Russia and Belarus Silence Protests Fighting Corruption
Protests are sweeping across Russia and Belarus against corruption. Aleksei Navalny, head of the Russian opposition, was taken into custody for his role in organizing dozens of rallies throughout the country. The Putin government has branded all but a handful of the protests illegal. Putin’s actions have led for calls from American politicians to speak out about the level of government oppression. This development complicates President Trump’s stated desire to pursue a closer relationship with Putin.
Unemployment Tax Sparks Protests in Belarus
While Russian authorities have so far refrained from reacting violently to the demonstrations, the same is not true for Belarus. Police, under orders from President Alexander Lukashenko, have attacked hundreds of people who gathered to complain about high unemployment and about changes to the relationship between Russia and Belarus. The last straw for many of the protesters was the implementation of a “social parasite” tax on the unemployed.
Belarus Shuns Putin in Favor of Western Allies
Until now, Russia and Belarus acted as close allies. However, in recent months President Lukashenko has worked to build ties with the West, including encouraging tourism and capital investment by waiving visas for EU and US travelers. This is also part of Lukashenko’s plan to rebrand, after years of being referred to as Europe’s “last dictator”. The President has managed to remain in power since 1994.
Rising Oil Prices Create Rift between Russia and Belarus
Another conflict between the two countries arose over the handling of Russian’s crude oil resources. Belarus purchases most of its gas from Russia, paying contractual prices that are currently higher than those that are available on the open market. Russia is currently working with OPEC to restrict gas supplies in an attempt to raise prices. Russia’s refusal to renegotiate with Belarus has left a breech, and pro-democracy groups have taken the opportunity to step in, working with the elite in Belarus to strengthen ties to Europe.
Belarus Law Enforcement Suppresses Demonstrators
While Lukashenko is working towards creating a more balanced image, the resulting rallies went beyond what his government was prepared to allow. Police in the Belarusian capital of Minsk arrested several protesters. In an attempt to justify the government’s harsh action, a spokesman of the Foreign Ministry accused the protestors of planting bombs and bringing weapons, declaring the steps taken by law enforcement to be “completely appropriate”. Meanwhile, government critics have pointed to the disappearance of Mikalay Statkevich, an opposition leader, who has been missing for several days. The Belarusian government denies involvement in his departure.

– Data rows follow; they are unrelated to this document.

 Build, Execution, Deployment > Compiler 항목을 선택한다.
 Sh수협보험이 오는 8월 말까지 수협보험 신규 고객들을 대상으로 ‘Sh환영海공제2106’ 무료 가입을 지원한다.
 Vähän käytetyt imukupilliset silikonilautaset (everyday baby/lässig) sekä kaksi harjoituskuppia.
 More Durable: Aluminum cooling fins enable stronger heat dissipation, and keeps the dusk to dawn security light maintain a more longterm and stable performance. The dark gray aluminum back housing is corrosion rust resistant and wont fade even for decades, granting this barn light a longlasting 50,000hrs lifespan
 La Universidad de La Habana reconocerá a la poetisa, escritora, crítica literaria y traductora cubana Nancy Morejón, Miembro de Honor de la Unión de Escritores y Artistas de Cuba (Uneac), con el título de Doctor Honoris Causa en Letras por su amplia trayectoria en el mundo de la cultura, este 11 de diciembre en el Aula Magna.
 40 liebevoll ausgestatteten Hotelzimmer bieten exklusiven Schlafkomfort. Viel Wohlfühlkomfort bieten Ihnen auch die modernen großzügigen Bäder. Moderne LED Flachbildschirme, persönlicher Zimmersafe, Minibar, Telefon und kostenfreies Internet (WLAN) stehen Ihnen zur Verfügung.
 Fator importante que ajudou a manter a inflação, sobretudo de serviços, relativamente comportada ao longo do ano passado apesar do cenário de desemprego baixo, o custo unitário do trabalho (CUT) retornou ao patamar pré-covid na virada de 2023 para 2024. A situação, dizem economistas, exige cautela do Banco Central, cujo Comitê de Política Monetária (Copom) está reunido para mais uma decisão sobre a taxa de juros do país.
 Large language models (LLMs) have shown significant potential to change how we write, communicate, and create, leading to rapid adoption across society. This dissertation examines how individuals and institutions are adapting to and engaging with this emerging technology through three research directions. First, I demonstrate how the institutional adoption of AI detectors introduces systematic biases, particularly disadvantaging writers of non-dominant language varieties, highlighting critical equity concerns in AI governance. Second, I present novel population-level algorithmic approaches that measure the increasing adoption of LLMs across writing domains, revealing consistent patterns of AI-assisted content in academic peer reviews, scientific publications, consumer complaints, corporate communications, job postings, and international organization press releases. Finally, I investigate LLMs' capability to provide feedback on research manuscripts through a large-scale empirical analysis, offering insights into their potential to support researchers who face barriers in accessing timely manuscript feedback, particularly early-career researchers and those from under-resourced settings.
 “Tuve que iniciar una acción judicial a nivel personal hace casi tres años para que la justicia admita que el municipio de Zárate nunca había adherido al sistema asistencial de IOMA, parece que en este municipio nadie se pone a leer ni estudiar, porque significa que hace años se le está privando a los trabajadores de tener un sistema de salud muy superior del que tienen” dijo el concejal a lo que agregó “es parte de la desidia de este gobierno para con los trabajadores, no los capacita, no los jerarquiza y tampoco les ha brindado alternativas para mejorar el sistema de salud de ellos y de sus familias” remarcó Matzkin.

Putin Silences the Opposition
In Russia, anti-corruption activists have tried to create a credible opposition to President Putin, who has been leading the country in one role or another for almost 20 years. Before his recent arrest, Navalny faced a fraud conviction. This effectively ended his chances for running against Putin as President. Navalny’s supporters argue that the charges were a fabrication. The charges stemmed from a string of reports Navalny published disclosing how Putin’s close associates have benefited financially. The exposure of the levels of favoritism was Navalny’s way of gaining support, despite Putin’s generally high levels of approval.
Does Trump Back Putin’s Crackdown?
Donald Trump’s position on the Russian crackdown on dissent is unclear. Mark Toner from the State Department did call Russia’s strong reaction an “affront to core democratic values”. But there has not yet been a sign that Trump plans to change his planned drive towards improved relations. This has led to a strong critique of the administration, particularly in light of charges that Russia hacked the U.S. elections in 2012 and 2016. These concerns have led to a probe by the FBI into links between the Trump administration and Russia.
How Will the Protests Affect Trading?
Analysts are watching whether the unrest continues to spread in Belarus. Then, the country may cancel its oil contract with Russia and turn to another supplier. This could lead to lower oil prices as Russia deals with its oversupply by flooding the market. This could also affect the Saudi Tadawul index. Many Middle Eastern companies would need to manage the fallout of a worsening economy due to lower gas prices.
Look for the U.S. dollar to fall if President Trump continues to ignore the growing unrest in Russia. This would give Democrats more artillery for their fight to stop the administration from putting their agenda in place. Additionally, civil unrest could make it harder for U.S. businesses to work in the region, bringing down U.S. indices like the Dow and the S & P 500.